Top of SOURCE MATERIAL

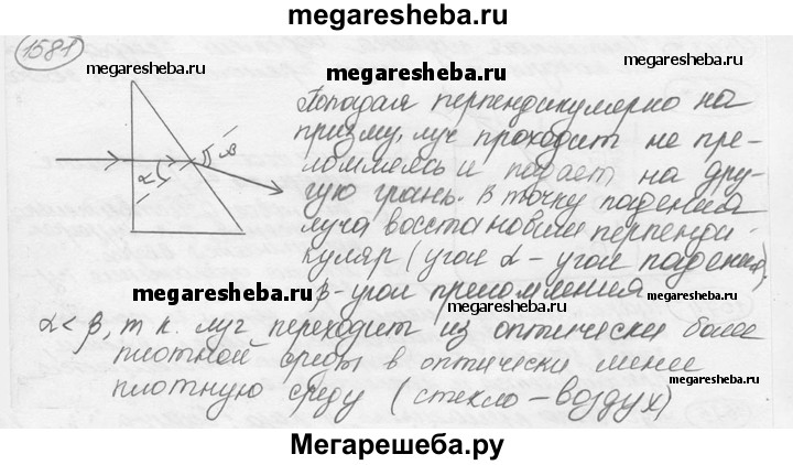 1581. Световой луч падает на стеклянную треугольную призму (рис. 407). Начертите в тетради примерный ход этого луча в призме и по выходе из нее.
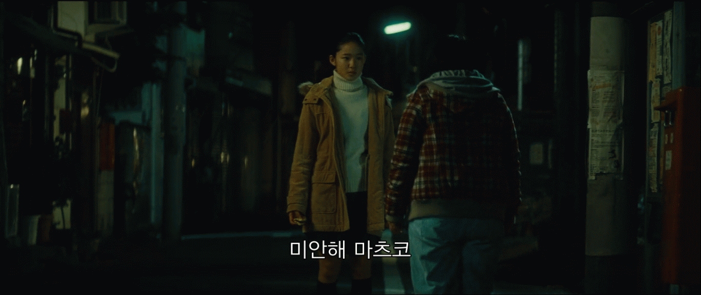 마츠코가 두고 간 악보를 전해주러 집으로 찾아온 료코. 료코는 마츠코가 배웅 나오는 길에 갑자기 미안하다는 말을 한다. 뭐가 미안하냐는 마츠코에 말에 아무 것도 아니라는 료코.
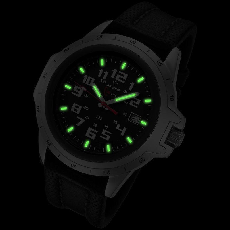 The Armourlite ColorBurst series watches feature colored numbers on the face with matching contrast stitching on the black leather band. As part of the Shatterproof collection, they also feature a shatterproof crystal resting on a stainless steel case for ultimate durability. Finally, tritium illuminated markers matching the contrast color provide visibility in any possible light conditions.

Bottom of SOURCE MATERIAL

### WHAT THIS TASK INVOLVES
Could the material above be given again exactly, pictures excluded?

### ANSWER SPACE
 1581. Световой луч падает на стеклянную треугольную призму (рис. 407). Начертите в тетради примерный ход этого луча в призме и по выходе из нее.
 마츠코가 두고 간 악보를 전해주러 집으로 찾아온 료코. 료코는 마츠코가 배웅 나오는 길에 갑자기 미안하다는 말을 한다. 뭐가 미안하냐는 마츠코에 말에 아무 것도 아니라는 료코.
 The Armourlite ColorBurst series watches feature colored numbers on the face with matching contrast stitching on the black leather band. As part of the Shatterproof collection, they also feature a shatterproof crystal resting on a stainless steel case for ultimate durability. Finally, tritium illuminated markers matching the contrast color provide visibility in any possible light conditions.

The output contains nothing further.